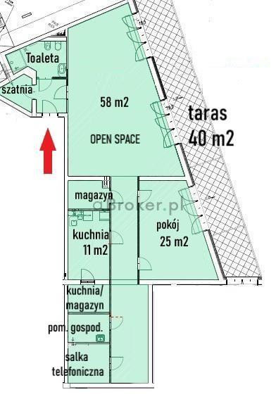 Dużym atutem lokalu jest przynależny, duży 40 m2 taras do wyłącznego użytku (rzut lokalu w galerii zdjęć).
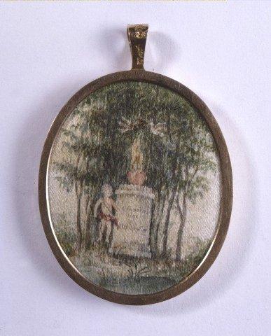 | merkinnän sijainti | kuvan oikeassa reunassa; kääntöpuolella olevassa maalauksessa muistokivessä; miniatyyrin kehyksessä |
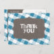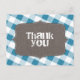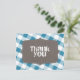 Las postales diseñadas con "Gracias" en blanco sobre un ilustracion de textura de tela de armazón marrón, en un patrón diagonal de gingham azul y blanco inspiran el país del sur. El reverso se personaliza con tu propio mensaje personalizado de agradecimiento. También puede borrar fácilmente el texto de la plantilla para dejar la(s) tarjeta(s) en blanco para escribir a mano sus propios sentimientos de gratitud. Estas tarjetas, con su patrón clásico de gingham, son perfectas para las celebraciones de Baby Shower y Southern Bridal Shower.
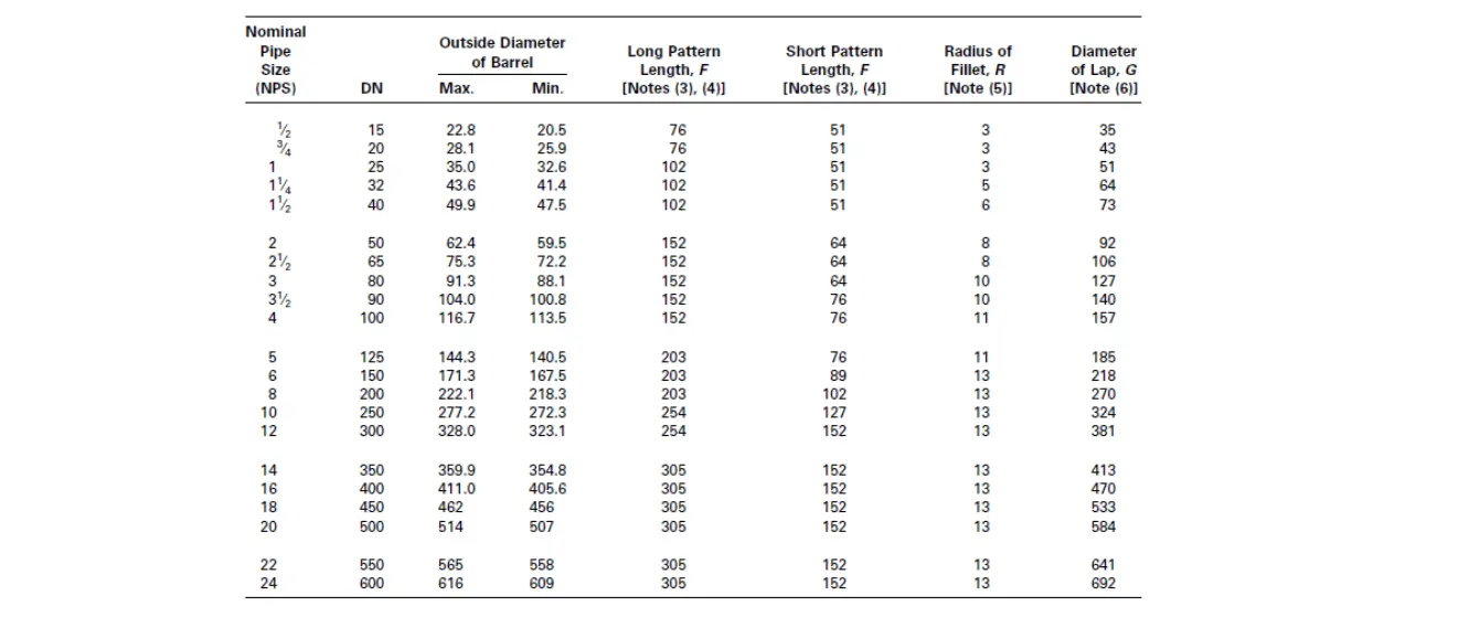 ASME/ANSI B16.28ASME/ANSI B16.9
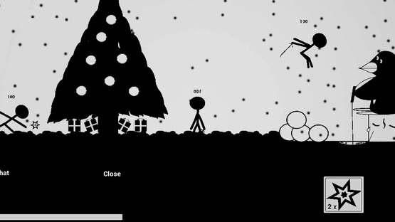 2 to 15 ninjas can fight at once. In this black and white world seek out and destroy your opponents. Travel to three different lands. Kill your enemies as you leap from tall trees, hide behind a simple house, even a snowman, as you chill out in winter wonderland. Finish the job with a shuriken or do it with your deadly sword.
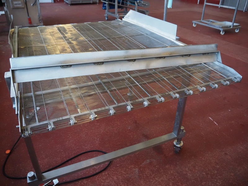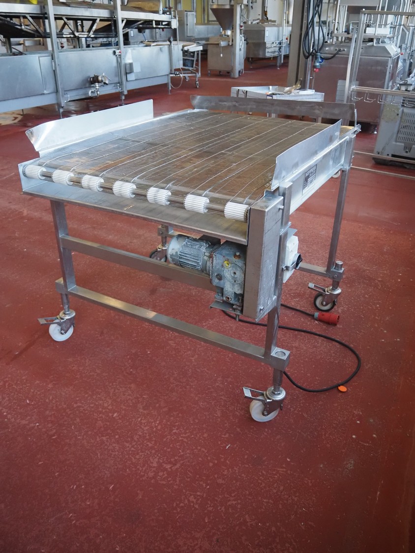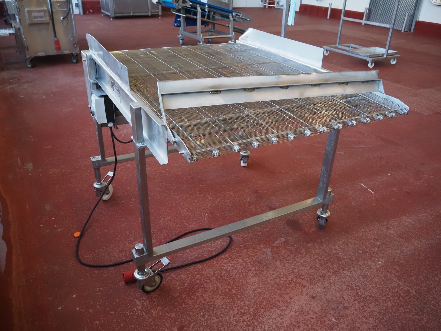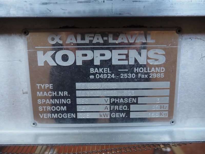 Koppens mobile mesh belt, type: TG 3000 / 1000, machine number: TG 3000 / 1000 - 893, 380 V, 3 Ph, 50 Hz, 0.87 A, 0.18 kW, weight: 165, s/s mesh belt, belt width: 1000 mm, total dimensions: 1600 mm x 1200 mm x 1150 mm.

Work item
Nothing should be printed except the lines from the one with "miniatyyrin kehyksessä |" through the last line of the listing above, both ends included; please drop the pictures.

Your solution
 | merkinnän sijainti | kuvan oikeassa reunassa; kääntöpuolella olevassa maalauksessa muistokivessä; miniatyyrin kehyksessä |
 Las postales diseñadas con "Gracias" en blanco sobre un ilustracion de textura de tela de armazón marrón, en un patrón diagonal de gingham azul y blanco inspiran el país del sur. El reverso se personaliza con tu propio mensaje personalizado de agradecimiento. También puede borrar fácilmente el texto de la plantilla para dejar la(s) tarjeta(s) en blanco para escribir a mano sus propios sentimientos de gratitud. Estas tarjetas, con su patrón clásico de gingham, son perfectas para las celebraciones de Baby Shower y Southern Bridal Shower.
 ASME/ANSI B16.28ASME/ANSI B16.9
 2 to 15 ninjas can fight at once. In this black and white world seek out and destroy your opponents. Travel to three different lands. Kill your enemies as you leap from tall trees, hide behind a simple house, even a snowman, as you chill out in winter wonderland. Finish the job with a shuriken or do it with your deadly sword.
 Koppens mobile mesh belt, type: TG 3000 / 1000, machine number: TG 3000 / 1000 - 893, 380 V, 3 Ph, 50 Hz, 0.87 A, 0.18 kW, weight: 165, s/s mesh belt, belt width: 1000 mm, total dimensions: 1600 mm x 1200 mm x 1150 mm.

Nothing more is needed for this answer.